Problem to work on: Wherever the string "about" shows up in the material below, copy that line.

Supplied material:

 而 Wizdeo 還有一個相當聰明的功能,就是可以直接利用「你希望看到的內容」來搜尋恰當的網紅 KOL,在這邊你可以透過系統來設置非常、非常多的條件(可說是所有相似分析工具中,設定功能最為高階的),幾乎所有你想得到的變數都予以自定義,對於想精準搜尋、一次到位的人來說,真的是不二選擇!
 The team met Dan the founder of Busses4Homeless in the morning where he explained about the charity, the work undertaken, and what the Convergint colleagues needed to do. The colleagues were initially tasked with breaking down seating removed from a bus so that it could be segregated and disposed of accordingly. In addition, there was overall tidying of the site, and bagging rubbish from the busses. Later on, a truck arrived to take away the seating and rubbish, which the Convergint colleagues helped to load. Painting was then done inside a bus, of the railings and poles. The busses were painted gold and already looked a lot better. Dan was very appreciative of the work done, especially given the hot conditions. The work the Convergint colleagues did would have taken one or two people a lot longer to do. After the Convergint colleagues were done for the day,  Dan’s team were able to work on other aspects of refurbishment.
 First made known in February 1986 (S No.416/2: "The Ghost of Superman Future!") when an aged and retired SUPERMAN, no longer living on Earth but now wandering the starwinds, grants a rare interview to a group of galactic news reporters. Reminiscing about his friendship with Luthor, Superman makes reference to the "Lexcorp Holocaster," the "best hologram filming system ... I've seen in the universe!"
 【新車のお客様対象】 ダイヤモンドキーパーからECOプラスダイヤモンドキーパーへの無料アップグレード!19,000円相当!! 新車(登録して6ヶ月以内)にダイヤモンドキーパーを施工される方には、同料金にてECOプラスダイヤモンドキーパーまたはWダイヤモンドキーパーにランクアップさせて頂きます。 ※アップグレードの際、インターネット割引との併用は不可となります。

--

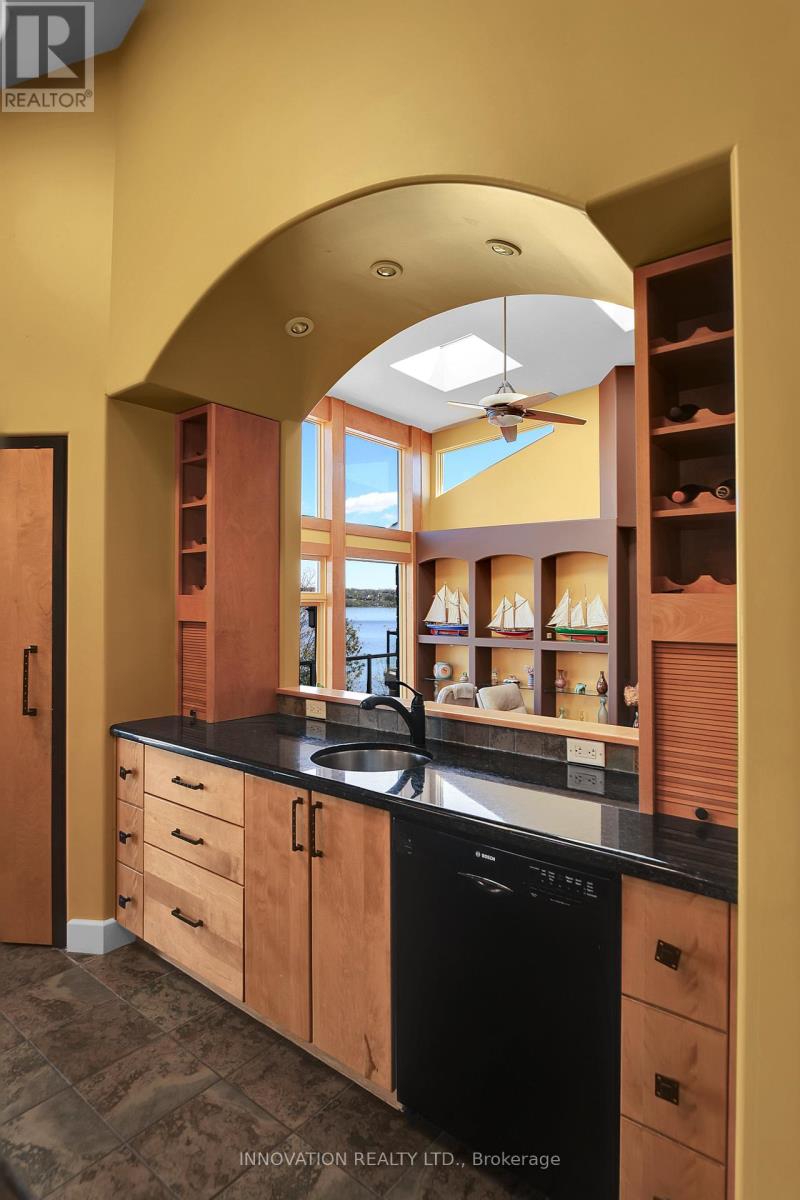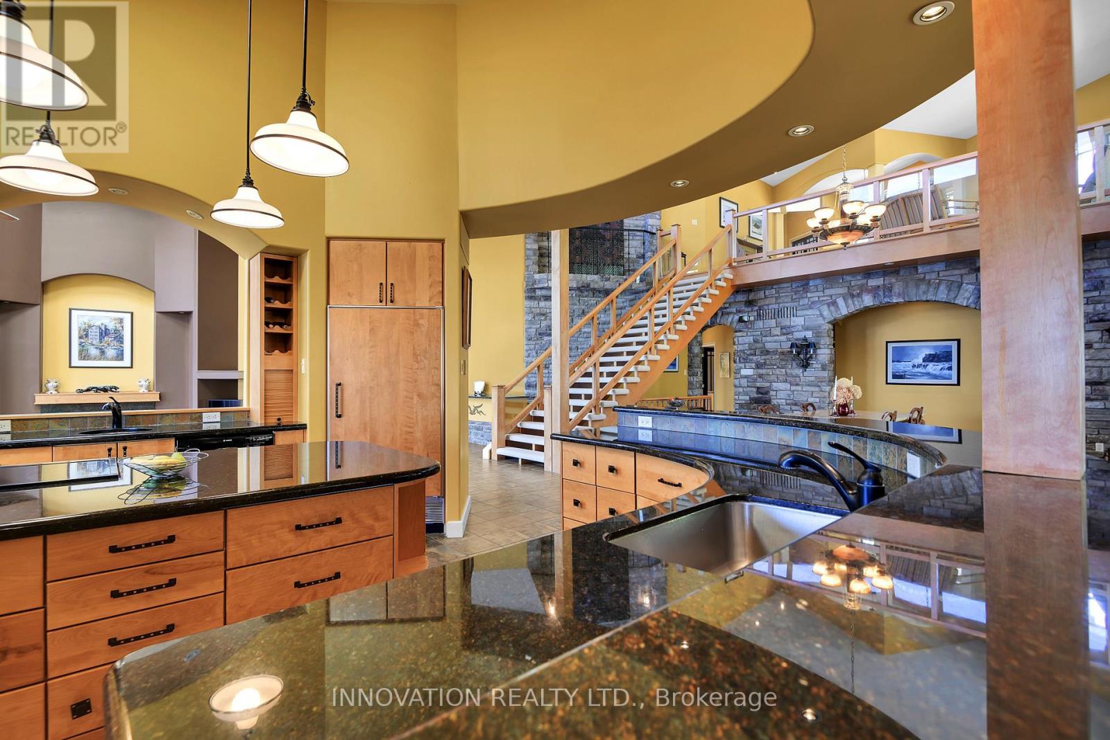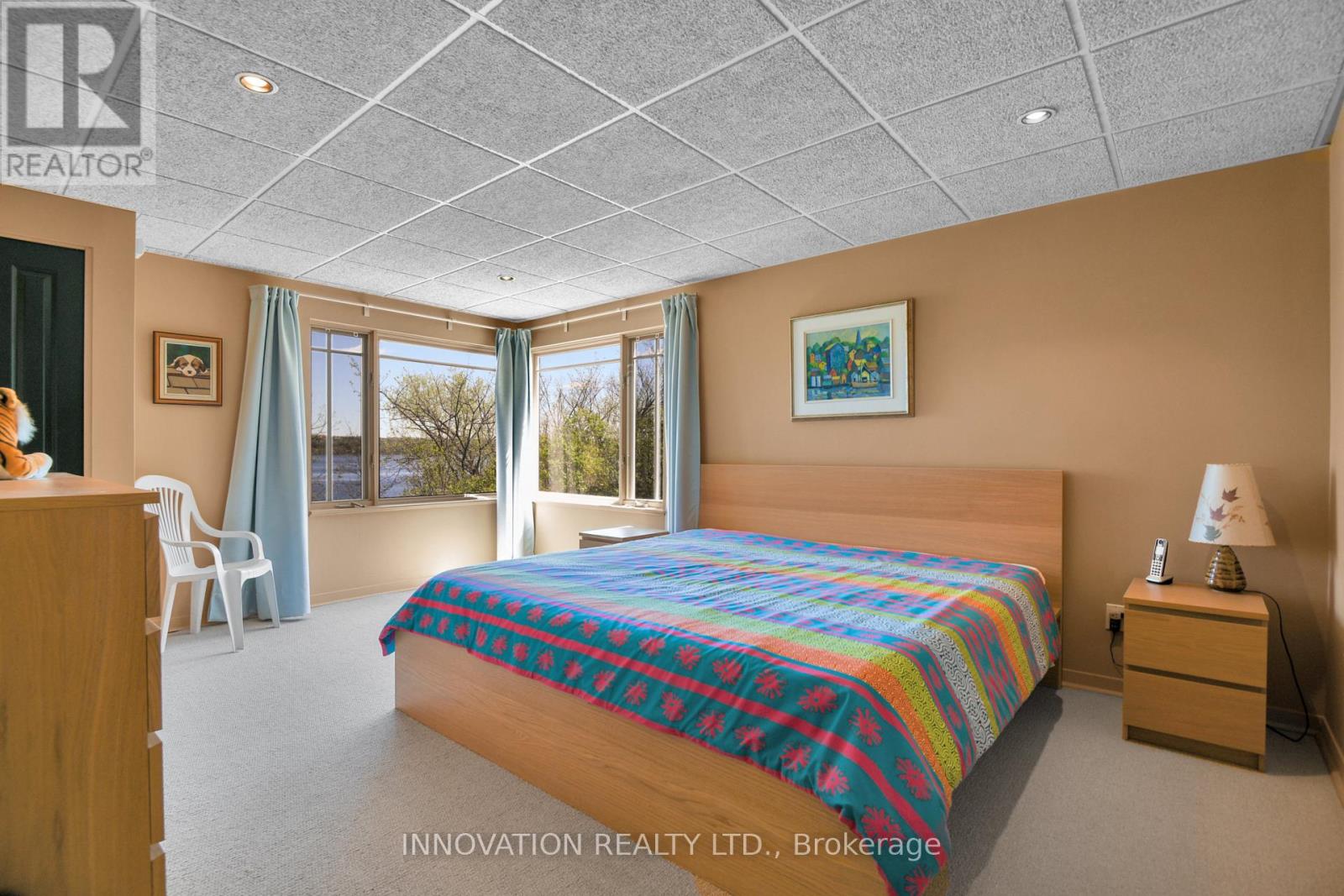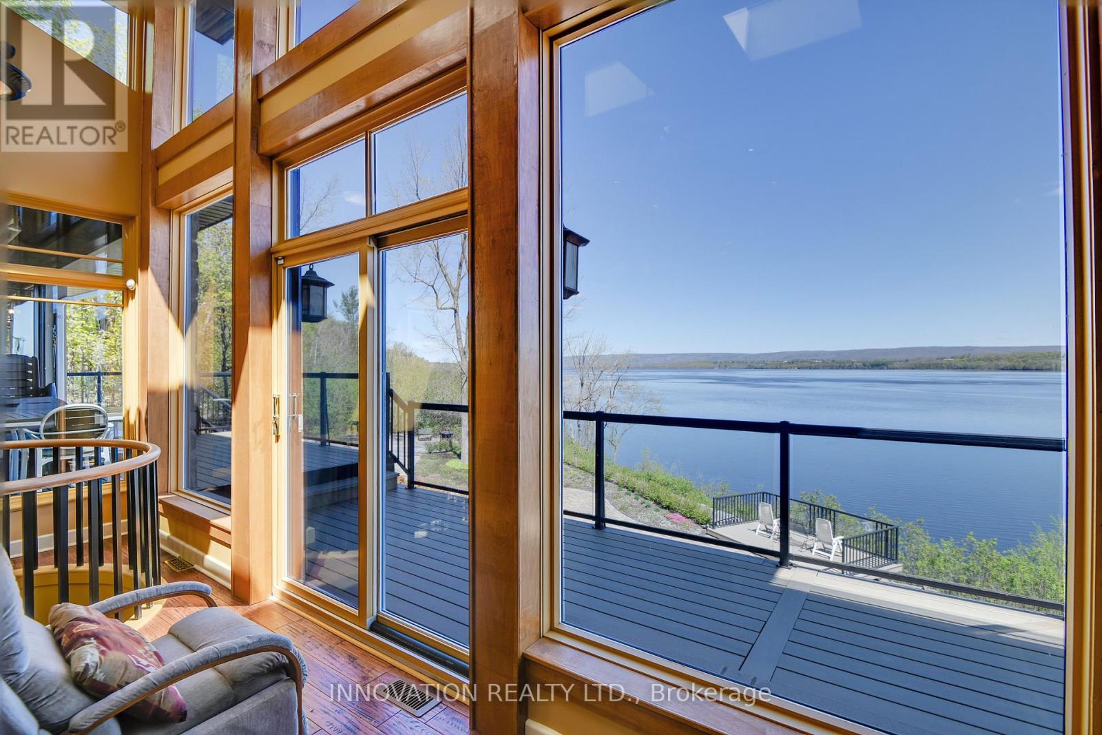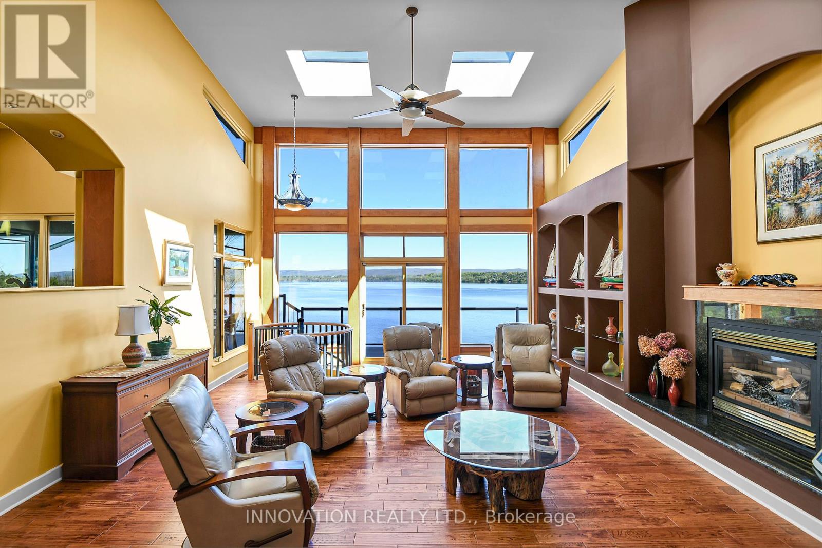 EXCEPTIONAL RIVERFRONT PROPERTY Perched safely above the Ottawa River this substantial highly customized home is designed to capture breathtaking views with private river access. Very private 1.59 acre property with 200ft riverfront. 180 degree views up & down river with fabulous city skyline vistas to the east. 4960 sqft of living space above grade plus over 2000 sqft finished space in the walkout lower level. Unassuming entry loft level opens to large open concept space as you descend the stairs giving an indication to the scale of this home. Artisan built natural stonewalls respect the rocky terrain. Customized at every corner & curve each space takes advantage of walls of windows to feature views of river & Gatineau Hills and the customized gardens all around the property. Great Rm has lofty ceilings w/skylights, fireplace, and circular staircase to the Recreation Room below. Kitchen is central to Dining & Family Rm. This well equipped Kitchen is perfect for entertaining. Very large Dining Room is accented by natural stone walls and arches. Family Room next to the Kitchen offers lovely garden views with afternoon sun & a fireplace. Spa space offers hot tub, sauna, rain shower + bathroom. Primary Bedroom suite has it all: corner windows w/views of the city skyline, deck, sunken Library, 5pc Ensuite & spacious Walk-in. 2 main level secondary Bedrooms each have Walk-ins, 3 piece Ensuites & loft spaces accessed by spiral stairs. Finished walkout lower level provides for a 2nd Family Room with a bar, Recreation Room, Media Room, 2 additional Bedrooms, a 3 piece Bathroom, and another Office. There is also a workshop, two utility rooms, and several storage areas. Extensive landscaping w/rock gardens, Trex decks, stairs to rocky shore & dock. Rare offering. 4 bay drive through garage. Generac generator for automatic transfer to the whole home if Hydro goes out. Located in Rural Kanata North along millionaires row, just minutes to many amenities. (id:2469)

Exercise result:
 The team met Dan the founder of Busses4Homeless in the morning where he explained about the charity, the work undertaken, and what the Convergint colleagues needed to do. The colleagues were initially tasked with breaking down seating removed from a bus so that it could be segregated and disposed of accordingly. In addition, there was overall tidying of the site, and bagging rubbish from the busses. Later on, a truck arrived to take away the seating and rubbish, which the Convergint colleagues helped to load. Painting was then done inside a bus, of the railings and poles. The busses were painted gold and already looked a lot better. Dan was very appreciative of the work done, especially given the hot conditions. The work the Convergint colleagues did would have taken one or two people a lot longer to do. After the Convergint colleagues were done for the day,  Dan’s team were able to work on other aspects of refurbishment.
 First made known in February 1986 (S No.416/2: "The Ghost of Superman Future!") when an aged and retired SUPERMAN, no longer living on Earth but now wandering the starwinds, grants a rare interview to a group of galactic news reporters. Reminiscing about his friendship with Luthor, Superman makes reference to the "Lexcorp Holocaster," the "best hologram filming system ... I've seen in the universe!"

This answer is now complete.